Basic Soul Unit
Other Heights has become the beating pulse that taste makers have been placing their collective fingers on since 2010. Entering its third year the Belgian imprint has released an impressive assortment of music ranging from the dubbed out crackles of Mohlao, to the kooky cuts of Kowton and Conforce (under his Mi-24 moniker), to Ghostek’s Burial-esque dubstep/techno. The label has also released two stellar albums in Herbstlaub’s “Per Sonare” - a metamorphosis of Moderat’s dysphoric textures and Pantha Du Prince’s snow covered percussion, as well as Alteria Percepsyne’s unfathomably deep seated masterpiece “Cloaks Of Perception”.

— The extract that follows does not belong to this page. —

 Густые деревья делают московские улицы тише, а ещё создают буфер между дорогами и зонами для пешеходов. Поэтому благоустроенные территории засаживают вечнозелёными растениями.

Basic Soul Unit's “Northern Heights” EP was originally scheduled for a release on Other Heights’ sub label Moody Heights, but due to practical and artistic reasons the sub label has been put on hold. Basic Soul Unit (real name, Stuart Li) is partnered with Russian producer Unbroken Dub who supplies remixes for both BSU tracks. At first “Come On” resembles a druggy version of DJ HMC’s 95 classic “Cum On” - released on the now legendary “Phreakin’ ” EP by Dirty House. Mellow steel drums accompany Li’s chesty kick, clap and snare combo as flanging pads and omnifarious piano stabs unfold over inviting claps. “Come On” then slightly veers off course via a primitive breakdown, where saw wave stabs and booming bass drums build the track back up toward an expected climactic crescendo, only for BSU to dispel any preconceptions of ecstatic white noise swoops and incessant side-chaining, opting to fall back into his original stab happy groove.

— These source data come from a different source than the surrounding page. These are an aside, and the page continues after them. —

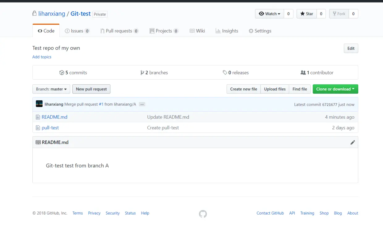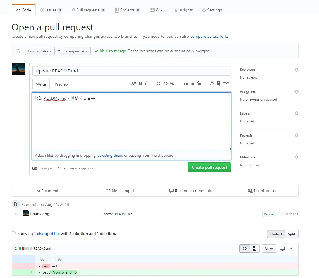 因为这里是我一个人操作的,所以拥有者和贡献者都是我,但是在其他情况下,贡献者一般不是本人,所以在这里需要说明一点,贡献完了之后,需要拥有者来点击 Merge pull request 这个按钮,才能将分支合并,贡献者是看不见这个按钮的
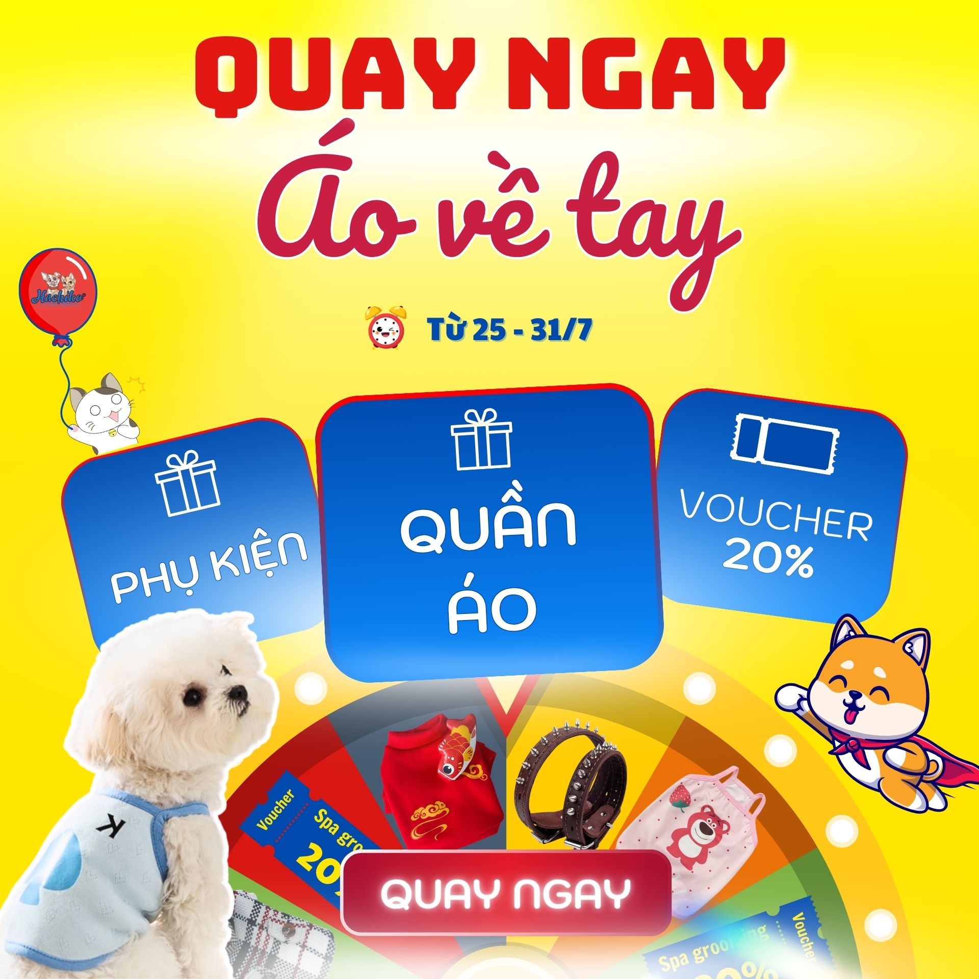 Chỉ với đơn hàng từ 199K, bạn được tham gia Vòng Quay May Mắn 100% trúng quà với loạt quà siêu xịn cho thú cưng:
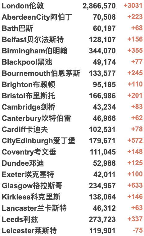 英国大学城市疫情具体数据
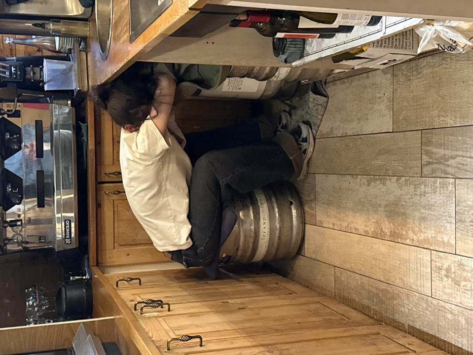 The image depicts the interior of a commercial establishment, likely a cafe or bar, in Yerevan, Armenia. A person, wearing a light-colored t-shirt and dark jeans, is seated on a purple cushion atop a silver beer keg marked "PFAND/DEPOT." The person's dark hair is tied in a bun, and their head is bent forward, resting on an unseen surface behind a wooden counter. Their feet, clad in beige and dark-colored sneakers with hook-and-loop fasteners, are visible on the floor. The environment features light wood paneling on the counter fronts and a light wood-patterned tiled floor. Three decorative dark metal hooks are mounted on the wooden paneling to the left of the seated person. In the background, a large stainless steel Rancilio espresso machine is visible on a wooden counter, along with various coffee service items. To the right of the person, a section of a wooden counter with a metal sink basin is visible. Below this counter, another silver keg is stored, and a narrow shelf holds three bottles, two with red labels and one with a white label, consistent with wine bottles. Below the shelf, white bags containing products are partially visible. The scene captures a moment of rest within the working area of the establishment.
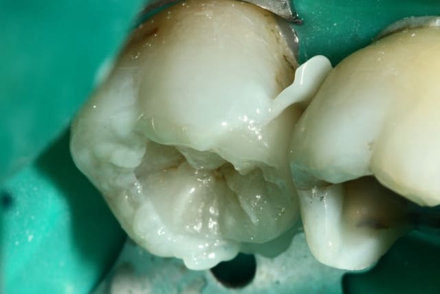 > Photo 1. Moi: "Voilà pourquoi il vous faut un onlay."
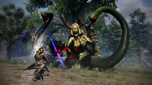 在戰之原,如黑貓般的"鬼"現身了。會使用各種攻擊外,還能隱身,真是令人十分棘手的敵人。首先要先看穿敵人的行動。趁停止攻擊,一氣呵成討伐牠!
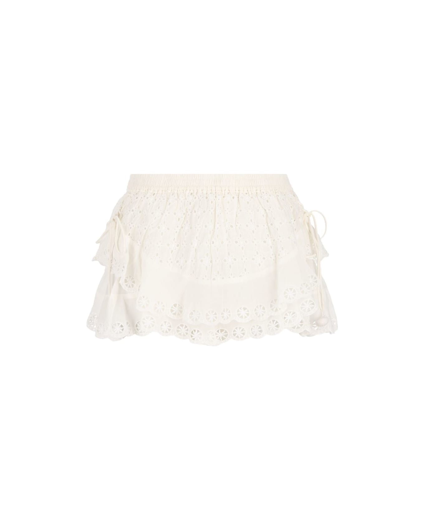 Jocadia shorts in organic cotton and floral lace, Elastic waist, Ruffles with lace ribbon Composition: Cotton, 100%
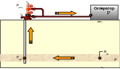 В пласте движение жидкости определяется депрессией между гидродинамическим забойным давлением и пластовым давлением.
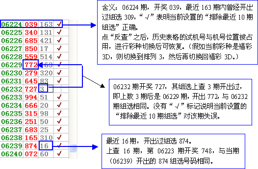 “反查”功能可以针对第3,第4部分的设定对历史数据进行反查,观察当前设定在历史开奖中的正确情况,如果当前设置对该期正确,会在机号的位置打上“√”标记。
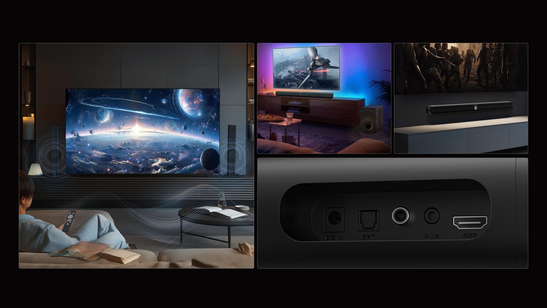 With Bluetooth 5.0, ARC, OPT, and AUX inputs, the KY-8000 connects effortlessly to TVs, mobile devices, and projectors. Users can operate the soundbar via physical buttons or remote control, with intuitive mode-switching and memory recall ensuring a streamlined, user-friendly experience.
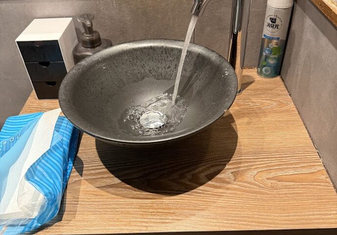 大阪府大阪市中央区某店舗トイレ手洗い水栓カクダイ立水栓(トール)716-277交換工事及び排水トラップパッキン交換工事

Unbroken Dub’s washed out take of “Come On” unites dubby effects and airy textures, held together by tightly programmed drums and hi hats set to a slow attack. Basic Soul Unit opens “Growing Pains” in similar fashion to “Come On” as a thumpy kick and hat compound meets cheeky bass pulses and short synths shots that zig zag around an insidious pad, dropping to a stripped back and acidic work out that will appease many weekend dance floors.

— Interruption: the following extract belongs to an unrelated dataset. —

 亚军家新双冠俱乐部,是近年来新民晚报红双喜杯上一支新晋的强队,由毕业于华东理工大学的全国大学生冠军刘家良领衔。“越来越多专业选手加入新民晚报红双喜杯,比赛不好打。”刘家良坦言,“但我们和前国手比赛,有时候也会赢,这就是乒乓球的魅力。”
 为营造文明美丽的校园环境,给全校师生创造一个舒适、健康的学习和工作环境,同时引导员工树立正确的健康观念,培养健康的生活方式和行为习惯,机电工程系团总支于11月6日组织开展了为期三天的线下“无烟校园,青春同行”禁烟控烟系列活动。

Both producers keep to their known formulas and Unbroken Dub draws on the blue print which made his 2011 Rawax series so impressive. The steadfast pace set by the Russian’s remix to “Growing Pains” offers a hand out to DJs wanting to make the transition from the lighter end of dub techno to the dancier end of deep house, as breezy melodies are pitted against firing motor city percussion in a gracious piece of free flowing mood music.